**Dataset section**
----

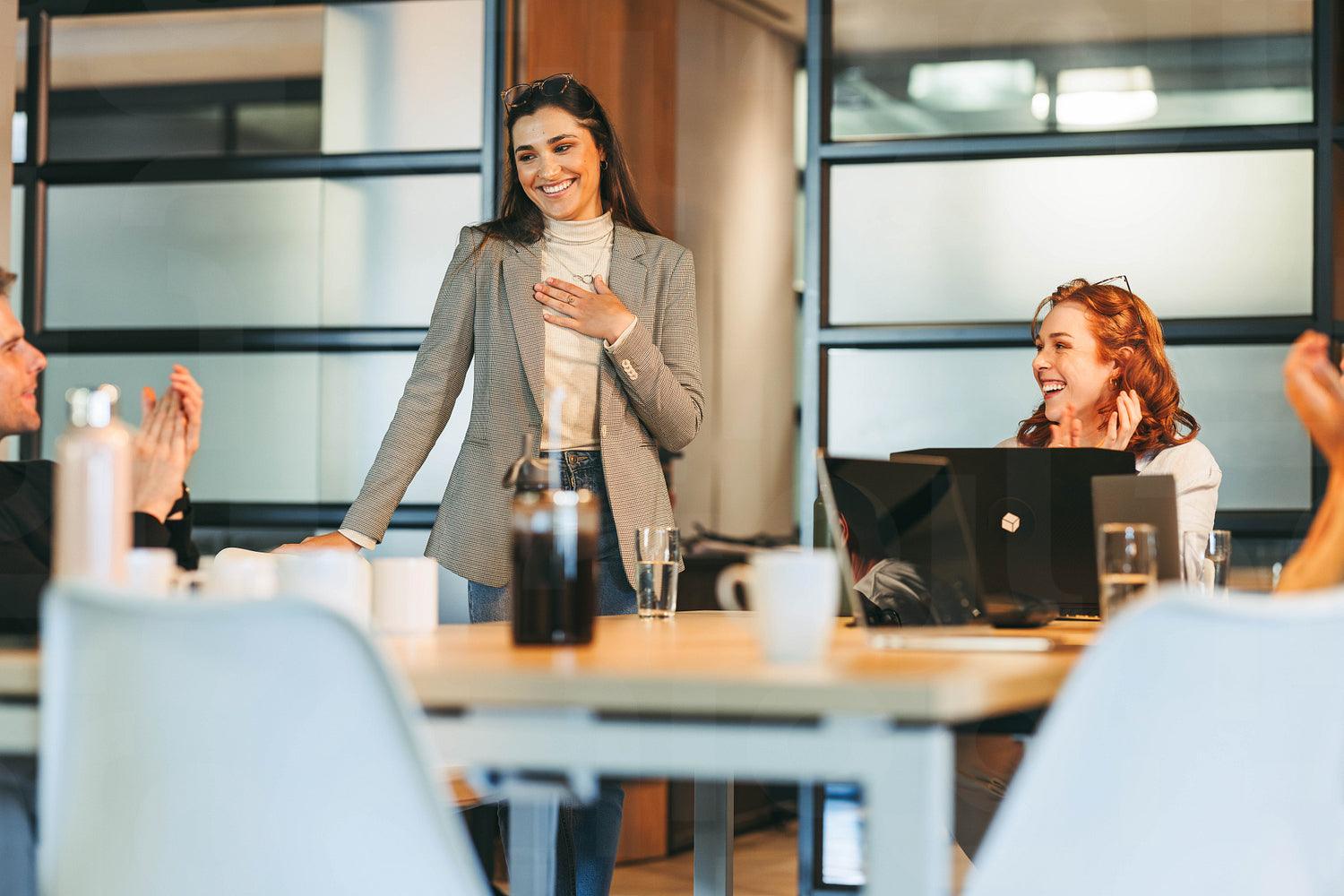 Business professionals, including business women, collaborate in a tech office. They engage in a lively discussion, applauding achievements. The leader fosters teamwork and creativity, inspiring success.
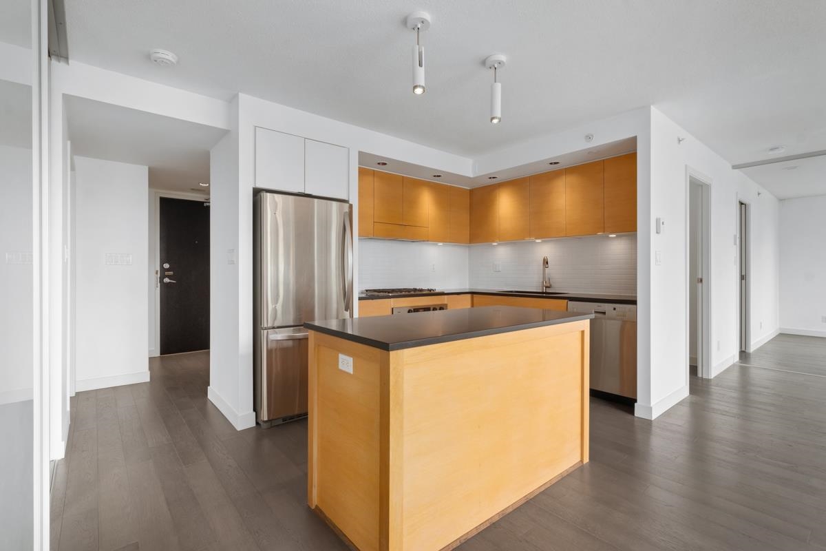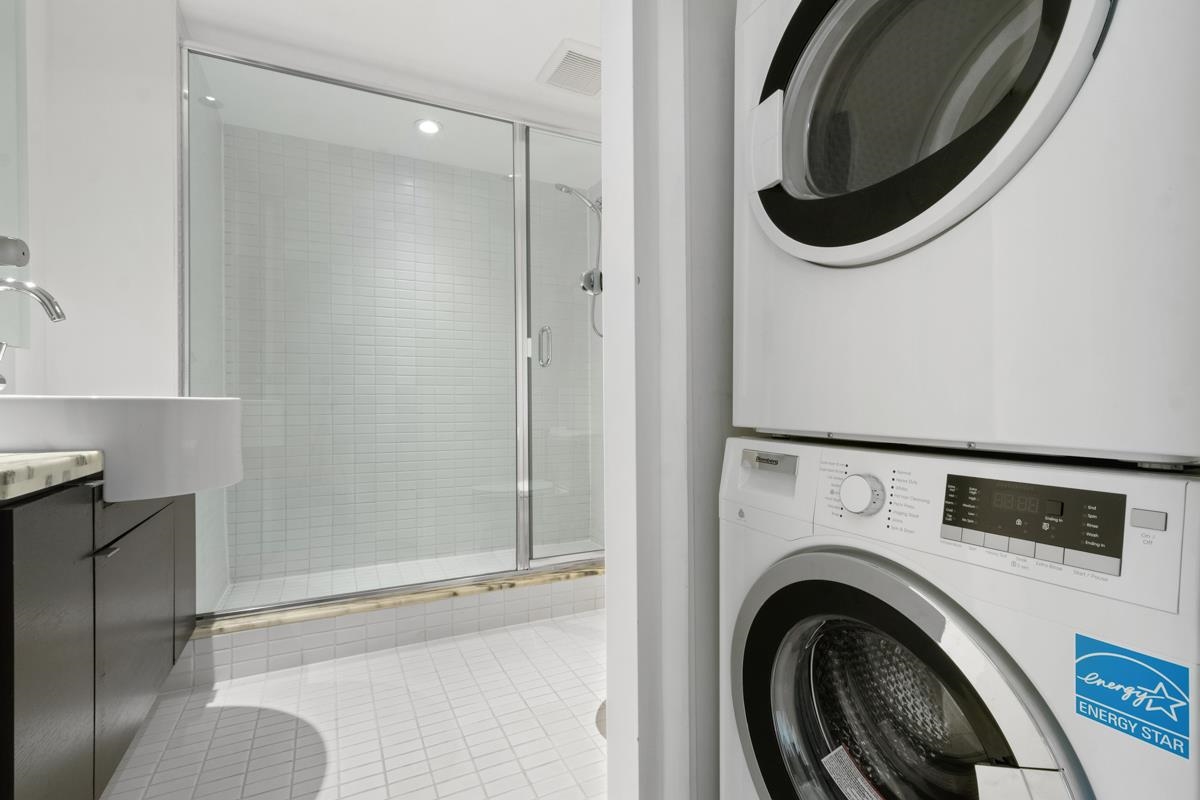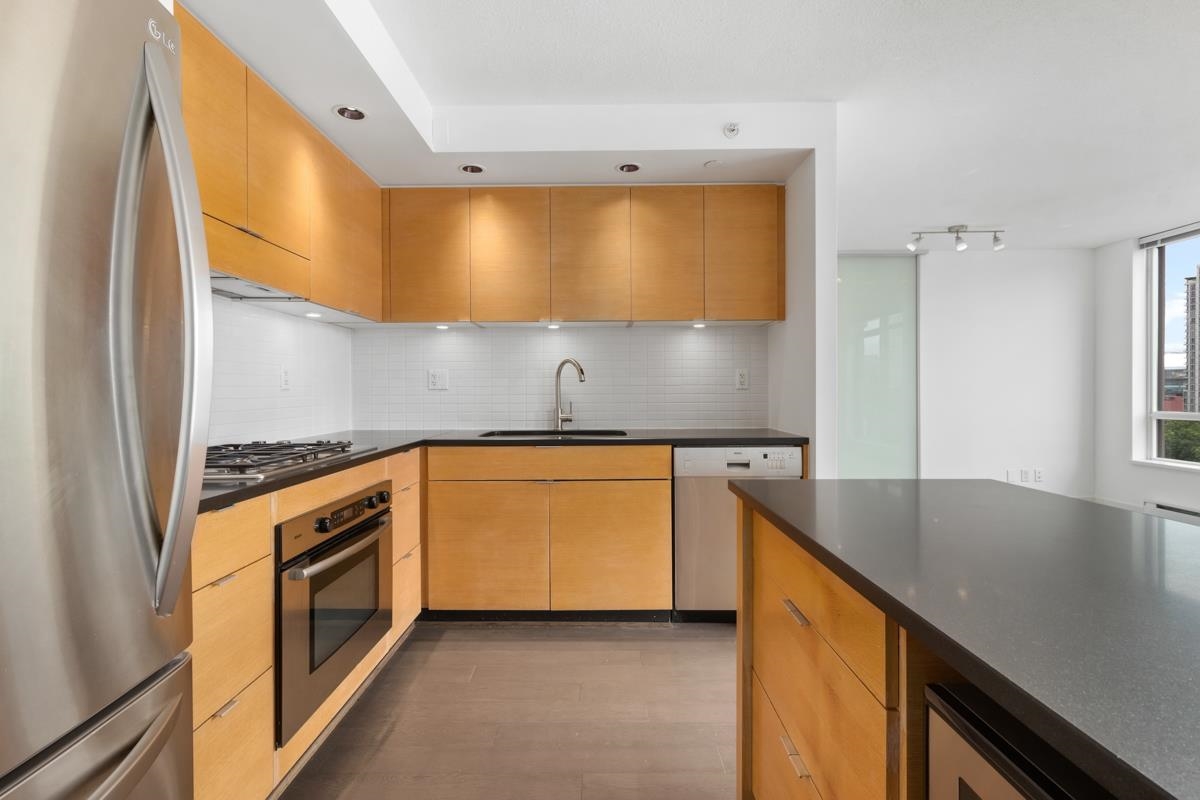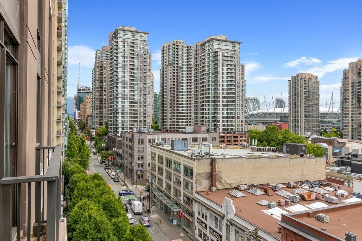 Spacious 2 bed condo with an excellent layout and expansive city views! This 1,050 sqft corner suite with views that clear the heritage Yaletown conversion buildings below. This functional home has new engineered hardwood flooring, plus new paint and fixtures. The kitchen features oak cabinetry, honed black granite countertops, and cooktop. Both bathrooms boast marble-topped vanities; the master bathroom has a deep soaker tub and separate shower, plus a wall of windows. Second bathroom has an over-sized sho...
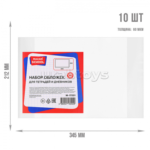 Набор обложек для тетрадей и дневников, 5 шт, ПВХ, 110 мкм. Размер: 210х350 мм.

----

Output, exactly as written, only the lines from the beginning of the listing through the line containing "Spacious 2 bed", both included, and no pictures.

 Business professionals, including business women, collaborate in a tech office. They engage in a lively discussion, applauding achievements. The leader fosters teamwork and creativity, inspiring success.
 Spacious 2 bed condo with an excellent layout and expansive city views! This 1,050 sqft corner suite with views that clear the heritage Yaletown conversion buildings below. This functional home has new engineered hardwood flooring, plus new paint and fixtures. The kitchen features oak cabinetry, honed black granite countertops, and cooktop. Both bathrooms boast marble-topped vanities; the master bathroom has a deep soaker tub and separate shower, plus a wall of windows. Second bathroom has an over-sized sho...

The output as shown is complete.